Godoy Cruz
- President: José Mansur
- Manager: Lucas Bernardi (until 20 August 2019) Javier Patalano (from 21 August 2019)
- Stadium: Estadio Malvinas Argentinas
- Top goalscorer: League: Santiago García (2) All: Santiago García (3)
- ← 2018–192020-21 →

= 2019–20 Godoy Cruz Antonio Tomba season =

The 2019–20 season is Godoy Cruz's 13th consecutive season in the top division of Argentine football. In addition to the Primera División, the club are competing in the Copa Argentina, Copa de la Superliga and Copa Libertadores.
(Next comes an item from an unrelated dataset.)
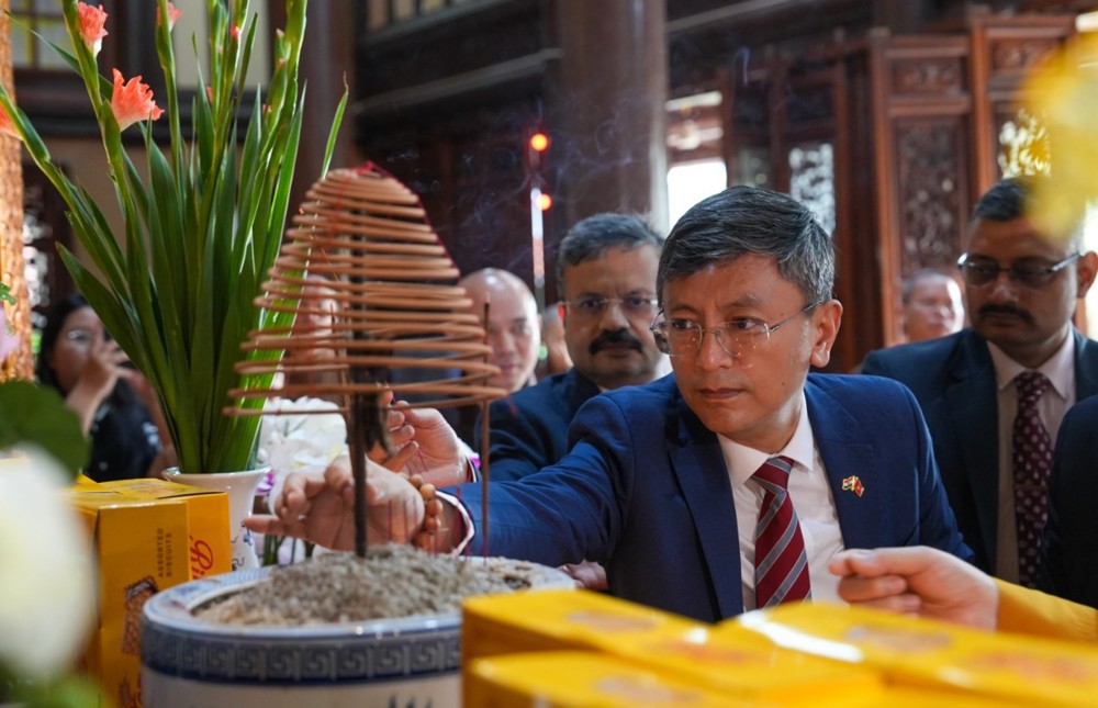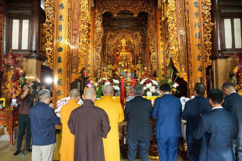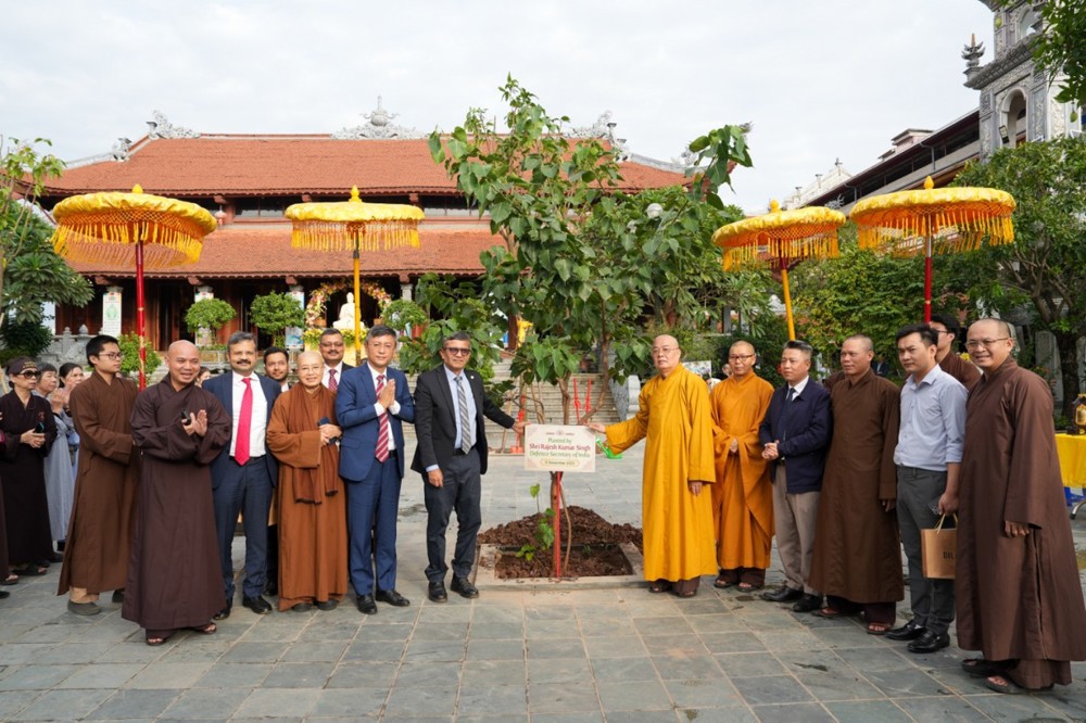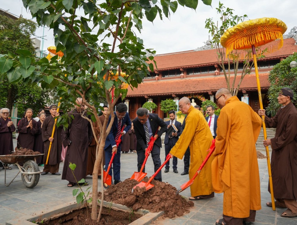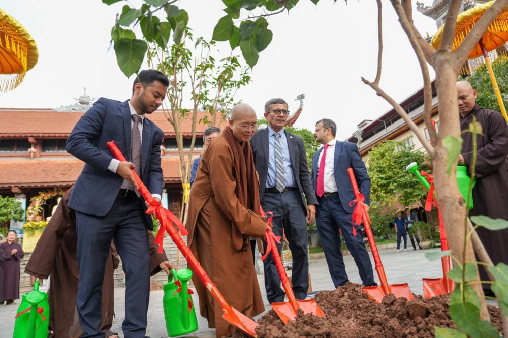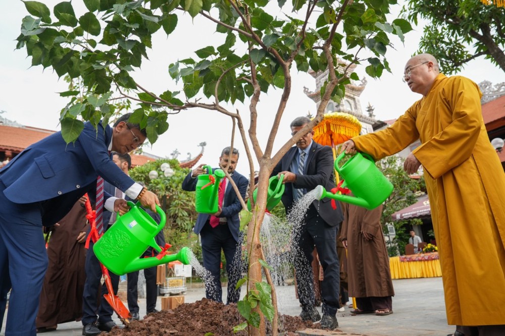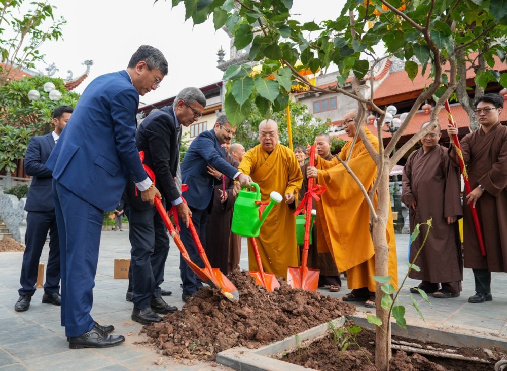 Sau nghi thức dâng hương tại chính điện, hai bên đã cùng nhau trồng cây Bồ Đề trong khuôn viên chùa Pháp Vân, biểu trưng cho tình đoàn kết, hữu nghị và gắn bó tâm linh giữa hai dân tộc, khép lại chuyến thăm đầy ý nghĩa và thành công tốt đẹp.

The season generally covers the period from 1 July 2019 to 30 June 2020.

==Review==
===Pre-season===
Godoy Cruz had signed five players by 15 June 2019. Gabriel Alanís was the first name through the door, with the left midfielder joining on 27 May from relegated Belgrano; who they'd also sign Juan Brunetta from on 15 June. Four days prior, on 11 June, the club announced a trio of signings in Sebastián Lomonaco (Arsenal de Sarandí), Joaquín Mateo (Gimnasia y Tiro) and Leandro Vella (Instituto). On 15 June, Brian Alferez agreed a loan move away to Mendoza's Gimnasia y Esgrima (M). Godoy Cruz returned to action with a double-header against their reserves on 22 June, subsequently having a victory and a draw; with Brunetta scoring on debut in the former. Leandro Lencinas, a winger, and Agustín Verdugo, a central midfielder, departed to second tier club Mitre on 25 June.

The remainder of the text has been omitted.